What is a fast method to check if one list is a sublist of a bigger one? For example, in my case,

`A = [1, 2, 2, 3]`

is a subset of `B = [1, 2, 2, 3, 4]`

, but A is not a subset of `C = [1, 2, 3, 4]`

since one of the 2’s in A is missing in C.

What is a fast method to check if one list is a sublist of a bigger one? For example, in my case,

`A = [1, 2, 2, 3]`

is a subset of `B = [1, 2, 2, 3, 4]`

, but A is not a subset of `C = [1, 2, 3, 4]`

since one of the 2’s in A is missing in C.

edit: premature send

Can you make use of sets? `set(A) <= set(B)`

is extremely efficient. Perhaps, since duplicates seem to matter, `collections.Counter()`

can serve as a multiset.

Can’t use sets because the containers I’m working with may contain duplicate elements. But multisets can contain duplicates?

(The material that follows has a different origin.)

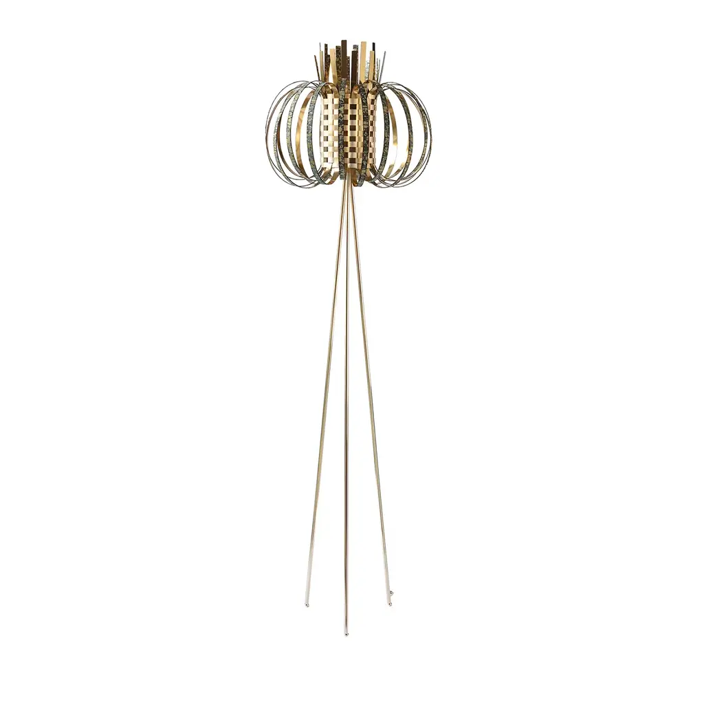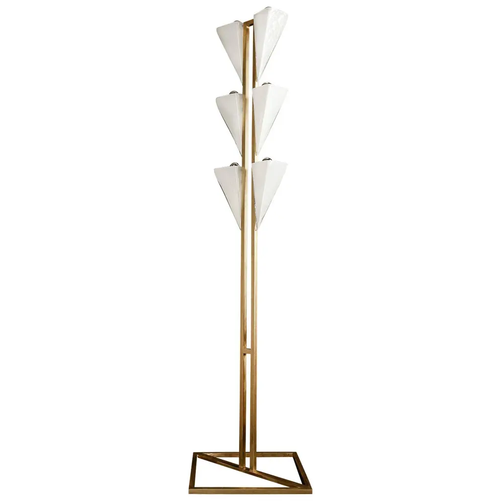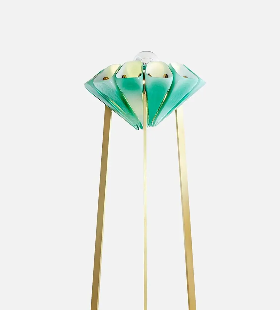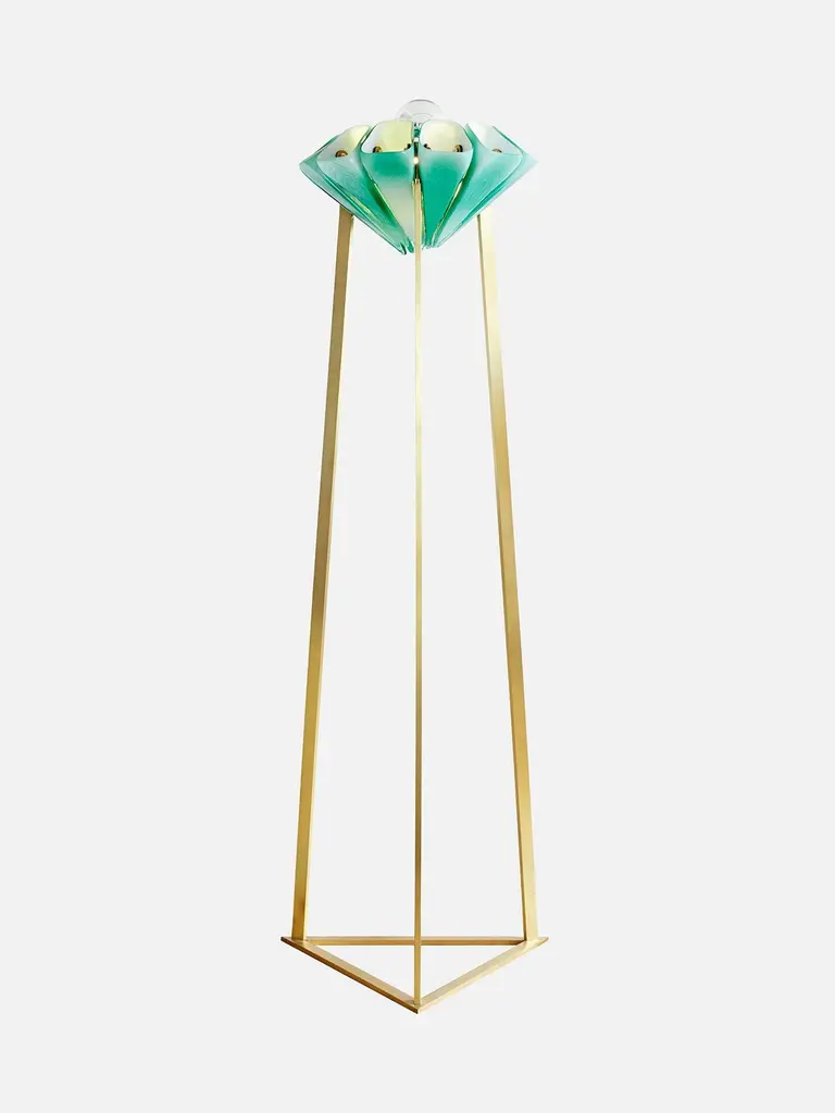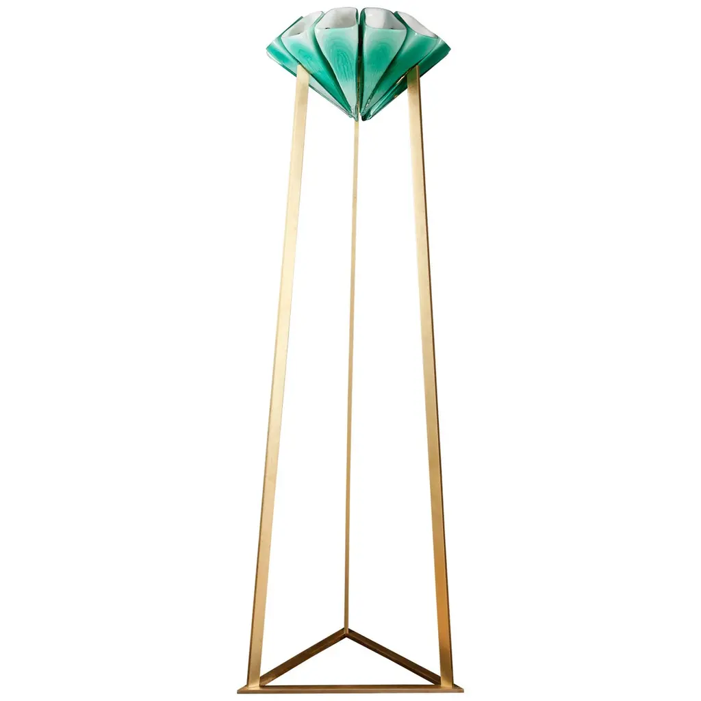 Yassin Floor Lamp in Emerald Glossy Glass & Brass by Bianco Light + SpaceDimensions: D 61 x W 61 x H 183 cm.Materials: Glass and brass.Available in different finish options. Prices may vary. All our lamps can be wired according to each country. If sold to the USA it will be wired for the USA for instance. Please contact us.Bianco Light & Space is a Los Angeles-based multi-faceted design and sculpture studio founded in 2013 by husband and wife team, Anthony Bianco and Alicia Reina. The studio specializes in creating sculptural, functional objects that fuse the concepts of light and space, drawing inspiration from nature, geometry, and ancient design principles. The duo’s minimalist aesthetic, combined with rigorous technical craftsmanship, has earned their designs a strong following in the world of high-end design and architecture.The studio’s work is characterized by its sophisticated and dynamic use of materials, primarily glass and textiles, and a commitment to traditional techniques like Venetian glassblowing, lapidary carving, pattern tessellation, color theory, and surface design. Their designs often blur the lines between art and function, resulting in objects that are both visually striking and practically usable. Many of their works, including standout pieces like the Polaris Chandelier and Selene Sconce, combine geometric simplicity with a subtle, otherworldly quality, giving them an almost architectural, space-age feel.Anthony Bianco, who graduated with a B.F.A. in glass from California College of Arts and Crafts, brings a wealth of experience and expertise in both sculpture and furniture design. His journey into glass started over two decades ago, after initial work with clay. He has worked with top industry names like Jeff Zimmerman and Silvano Signoretto, making him a highly respected figure in the field of glass art.Alicia Reina, with a B.F.A. in Apparel Design from the Rhode Island School of Design and a Master's in Footwear Design from Polimoda in Florence, Italy, brings a strong design sensibility from her background in fashion, product design and development, merchandising, and art direction and curation. She has worked for renowned designers and artists, which enriches her approach to the studio’s projects, allowing them to cross boundaries of traditional design.Their work has been featured in major publications such as Vogue Living AU, Elle Decor, Architectural Digest, W Magazine, and Sight Unseen, solidifying their place in the contemporary design world. Bianco Light & Space products stand out not only for their striking aesthetic but also for their technical mastery, making them highly coveted by collectors, designers, and architects alike.

If all the numbers are non-negative ints, you can use numpy.bincount:

```
import numpy as np
A = [1, 2, 2, 3]
B = [1, 2, 2, 3, 4]
C = [1, 2, 3, 4]
cA = np.bincount(A)
cB = np.bincount(B)
cC = np.bincount(C)
def is_subset(ca, cb):
return len(ca) <= len(cb) and (ca <= cb[:len(ca)]).all()
print(is_subset(cA, cB)) # True
print(is_subset(cA, cC)) # False
```

Are the lists always sorted, as in your examples?

For sorted lists A and B, iterate an index through list B, to find the first occurrence at index i, of A[0] in B, i.e. B[i] == A[0].

So:

```
def is_sorted_sublist_of_sorted(A, B):
# TODO: reimplement using bisect.py
i = B.index(A[0])
for x, y in itertools.zip_longest(A, B[i:], fillvalue=float('nan')):
if x != y:
return False
return True
```

Your title says “sublist”, but your text says “subset”. OTOH, your examples are sets not lists, so I’ll assume list.

If also “sublist” means consecutive and anywhere (so that `[2,2,3]`

is a sublist of `B`

but `[1,3,4]`

is not a sublist of `B`

, then we are just dealing with the same problem as string search (as in `str.find`

), but with integers instead of characters.

For this, I like Boyer-Moore. There is a set-up cost proportional to the target size (squared?), but it is fast if the target sequence is a lot shorter than the searched sequence, or you use the same target on a lot of searched sequences.

By definition, yes. There isn’t a specific multi-set implementation provided, but `collections.Counter`

can function that way. They don’t implement comparison operators with the meaning that sets do, but we can do it more explicitly:

```
from collections import Counter
def is_sublist(x, y):
cx, cy = Counter(x), Counter(y)
cy.subtract(cx)
return min(cy.values()) >= 0
```

1 Like

Counters do support comparison operators in expected manner. So you can simplify the code a and just return Counter(y) >= Counter(x)

Ah, it looks like this was added in 3.10:

```
$ python3.10
Python 3.10.14 (main, May 2 2024, 15:07:09) [GCC 9.4.0] on linux
Type "help", "copyright", "credits" or "license" for more information.
>>> from collections import Counter
>>> Counter() >= Counter()
True
>>>
$ python3.9
Python 3.9.19 (main, May 2 2024, 15:03:24)
[GCC 9.4.0] on linux
Type "help", "copyright", "credits" or "license" for more information.
>>> from collections import Counter
>>> Counter() >= Counter()
Traceback (most recent call last):
File "<stdin>", line 1, in <module>
TypeError: '>=' not supported between instances of 'Counter' and 'Counter'
```

If the input lists are always sorted as they are in your example then you can perform the test more cheaply as a subsequence test with an iterator:

```
def is_subsequence(a, b):
seq = iter(b)
return all(i in seq for i in a)
print(is_subsequence([1, 2, 2, 3], [1, 2, 2, 3, 4])) # outputs True
print(is_subsequence([1, 2, 2, 3], [1, 2, 3, 4])) # outputs False
```

1 Like

I have blogged this, but it depends on what you treat as “found”. I am looking for the elements of the sub-list in their given order, in the main list.